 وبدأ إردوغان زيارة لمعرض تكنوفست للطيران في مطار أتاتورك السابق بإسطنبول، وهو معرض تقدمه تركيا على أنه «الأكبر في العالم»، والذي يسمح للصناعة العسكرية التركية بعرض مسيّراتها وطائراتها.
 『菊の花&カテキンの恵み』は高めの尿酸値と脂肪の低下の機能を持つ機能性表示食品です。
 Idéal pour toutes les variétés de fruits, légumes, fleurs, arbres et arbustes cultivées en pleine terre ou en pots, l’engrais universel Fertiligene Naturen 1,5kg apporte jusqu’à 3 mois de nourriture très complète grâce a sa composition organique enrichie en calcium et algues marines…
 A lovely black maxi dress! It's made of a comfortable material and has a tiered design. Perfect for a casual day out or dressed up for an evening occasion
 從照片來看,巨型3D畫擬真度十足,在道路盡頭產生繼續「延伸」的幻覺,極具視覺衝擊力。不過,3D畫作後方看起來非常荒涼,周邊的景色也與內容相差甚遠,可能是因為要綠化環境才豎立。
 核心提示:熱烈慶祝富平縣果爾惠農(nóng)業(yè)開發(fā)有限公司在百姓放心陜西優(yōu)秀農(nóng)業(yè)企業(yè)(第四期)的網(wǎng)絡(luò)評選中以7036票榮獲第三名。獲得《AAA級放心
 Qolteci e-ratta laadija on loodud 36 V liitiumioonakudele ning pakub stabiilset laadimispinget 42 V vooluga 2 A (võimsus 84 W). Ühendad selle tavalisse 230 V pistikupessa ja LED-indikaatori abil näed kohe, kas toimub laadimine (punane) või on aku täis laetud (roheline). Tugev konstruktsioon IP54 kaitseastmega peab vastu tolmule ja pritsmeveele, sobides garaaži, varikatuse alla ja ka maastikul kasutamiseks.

---

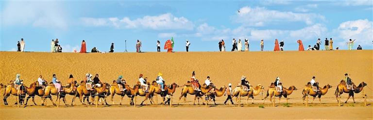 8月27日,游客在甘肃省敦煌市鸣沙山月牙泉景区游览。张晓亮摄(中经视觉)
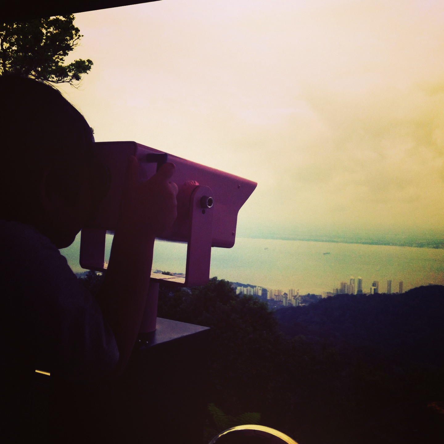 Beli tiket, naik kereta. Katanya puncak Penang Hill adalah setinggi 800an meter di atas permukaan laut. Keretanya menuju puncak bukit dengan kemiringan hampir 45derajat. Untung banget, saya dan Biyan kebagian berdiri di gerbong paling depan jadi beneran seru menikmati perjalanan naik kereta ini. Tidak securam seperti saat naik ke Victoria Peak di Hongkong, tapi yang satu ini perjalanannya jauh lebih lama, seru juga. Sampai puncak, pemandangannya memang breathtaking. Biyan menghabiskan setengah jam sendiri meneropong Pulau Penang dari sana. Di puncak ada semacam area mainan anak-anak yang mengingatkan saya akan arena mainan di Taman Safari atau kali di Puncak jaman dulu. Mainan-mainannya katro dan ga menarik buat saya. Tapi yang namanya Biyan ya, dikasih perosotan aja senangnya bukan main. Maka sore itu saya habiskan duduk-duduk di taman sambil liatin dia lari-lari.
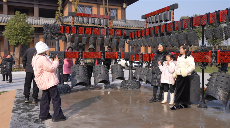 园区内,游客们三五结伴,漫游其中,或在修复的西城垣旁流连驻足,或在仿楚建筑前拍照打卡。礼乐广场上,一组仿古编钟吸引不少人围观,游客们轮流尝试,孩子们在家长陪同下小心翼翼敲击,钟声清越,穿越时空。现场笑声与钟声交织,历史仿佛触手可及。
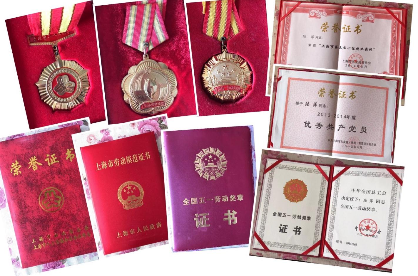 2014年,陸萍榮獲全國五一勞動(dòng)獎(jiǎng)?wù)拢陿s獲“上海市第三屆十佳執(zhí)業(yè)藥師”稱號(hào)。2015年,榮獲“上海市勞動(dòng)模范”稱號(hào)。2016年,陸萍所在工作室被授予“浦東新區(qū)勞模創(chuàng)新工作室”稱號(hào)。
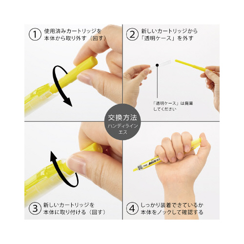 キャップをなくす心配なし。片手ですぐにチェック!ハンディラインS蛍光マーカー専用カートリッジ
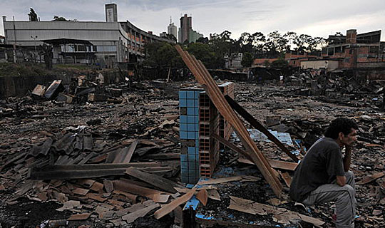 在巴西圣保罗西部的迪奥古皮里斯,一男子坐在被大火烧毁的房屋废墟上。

...

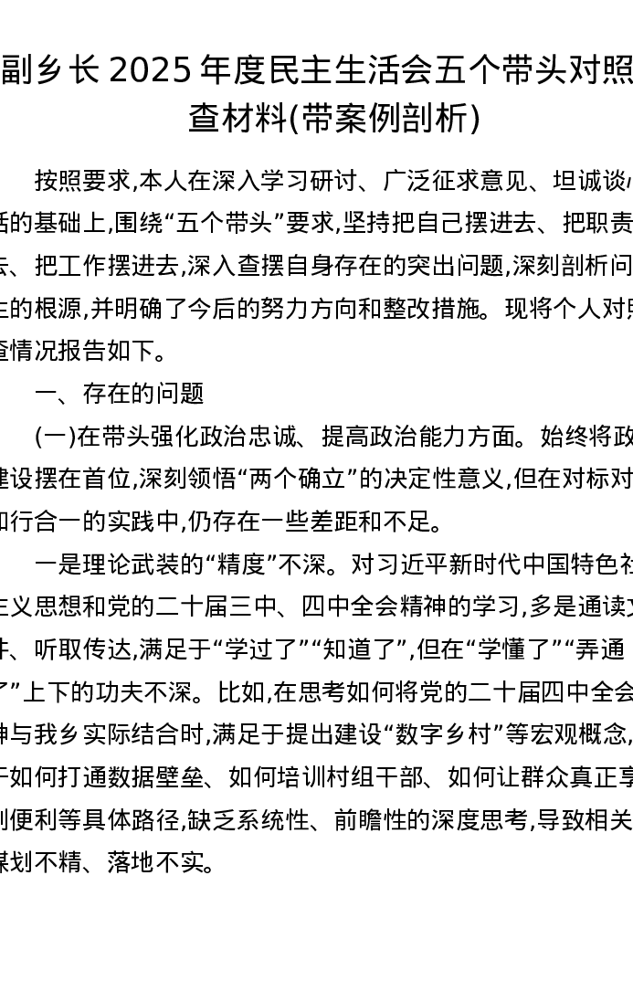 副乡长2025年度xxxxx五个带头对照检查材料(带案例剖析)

WHAT YOU HAVE TO DO =>
Only one stretch of the entries above is wanted: the lines from the one containing "وبدأ إردوغان زيارة" through the one containing "從照片來看,巨型3D畫擬真度". Please reproduce it exactly.

RESULT =>
 وبدأ إردوغان زيارة لمعرض تكنوفست للطيران في مطار أتاتورك السابق بإسطنبول، وهو معرض تقدمه تركيا على أنه «الأكبر في العالم»، والذي يسمح للصناعة العسكرية التركية بعرض مسيّراتها وطائراتها.
 『菊の花&カテキンの恵み』は高めの尿酸値と脂肪の低下の機能を持つ機能性表示食品です。
 Idéal pour toutes les variétés de fruits, légumes, fleurs, arbres et arbustes cultivées en pleine terre ou en pots, l’engrais universel Fertiligene Naturen 1,5kg apporte jusqu’à 3 mois de nourriture très complète grâce a sa composition organique enrichie en calcium et algues marines…
 A lovely black maxi dress! It's made of a comfortable material and has a tiered design. Perfect for a casual day out or dressed up for an evening occasion
 從照片來看,巨型3D畫擬真度十足,在道路盡頭產生繼續「延伸」的幻覺,極具視覺衝擊力。不過,3D畫作後方看起來非常荒涼,周邊的景色也與內容相差甚遠,可能是因為要綠化環境才豎立。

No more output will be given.